Content starts

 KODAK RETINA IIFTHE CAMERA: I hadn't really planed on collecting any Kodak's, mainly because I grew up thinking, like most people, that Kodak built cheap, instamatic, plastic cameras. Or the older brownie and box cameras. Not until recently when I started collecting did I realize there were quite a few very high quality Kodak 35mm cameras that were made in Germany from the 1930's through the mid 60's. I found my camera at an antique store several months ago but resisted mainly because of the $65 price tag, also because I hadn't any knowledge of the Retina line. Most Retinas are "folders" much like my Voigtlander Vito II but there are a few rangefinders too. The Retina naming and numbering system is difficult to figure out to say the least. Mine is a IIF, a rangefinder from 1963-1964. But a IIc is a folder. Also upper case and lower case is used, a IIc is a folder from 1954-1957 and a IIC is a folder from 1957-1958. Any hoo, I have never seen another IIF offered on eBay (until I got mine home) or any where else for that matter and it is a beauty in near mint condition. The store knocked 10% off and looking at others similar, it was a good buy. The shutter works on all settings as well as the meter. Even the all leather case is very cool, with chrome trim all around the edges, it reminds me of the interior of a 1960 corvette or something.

Content ends
Content starts

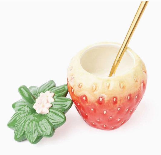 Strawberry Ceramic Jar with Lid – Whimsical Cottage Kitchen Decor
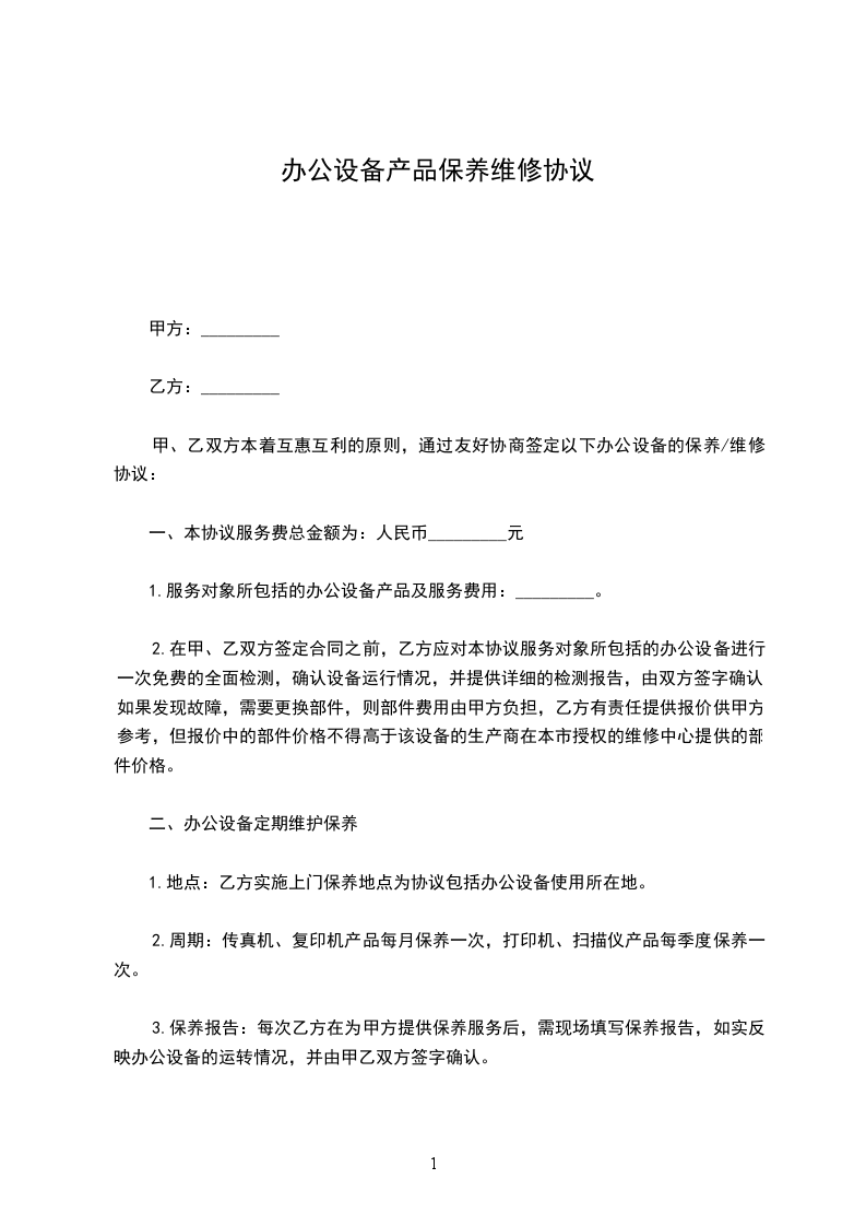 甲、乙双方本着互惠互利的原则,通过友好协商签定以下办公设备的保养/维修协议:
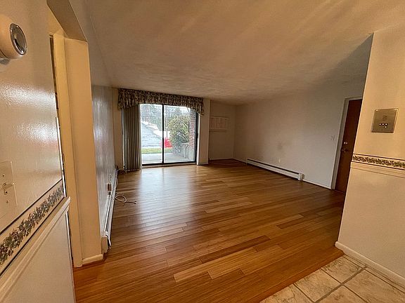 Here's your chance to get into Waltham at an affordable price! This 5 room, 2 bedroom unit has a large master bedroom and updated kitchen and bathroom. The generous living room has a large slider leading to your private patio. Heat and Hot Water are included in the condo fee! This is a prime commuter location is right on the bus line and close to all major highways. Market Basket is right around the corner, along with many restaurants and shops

Content ends

What is expected:
Please output, exactly as written, the lines above from the one holding "Strawberry Ceramic Jar" through the one holding "Here's your chance", both included, with the pictures omitted.

Answer area:
 Strawberry Ceramic Jar with Lid – Whimsical Cottage Kitchen Decor
 甲、乙双方本着互惠互利的原则,通过友好协商签定以下办公设备的保养/维修协议:
 Here's your chance to get into Waltham at an affordable price! This 5 room, 2 bedroom unit has a large master bedroom and updated kitchen and bathroom. The generous living room has a large slider leading to your private patio. Heat and Hot Water are included in the condo fee! This is a prime commuter location is right on the bus line and close to all major highways. Market Basket is right around the corner, along with many restaurants and shops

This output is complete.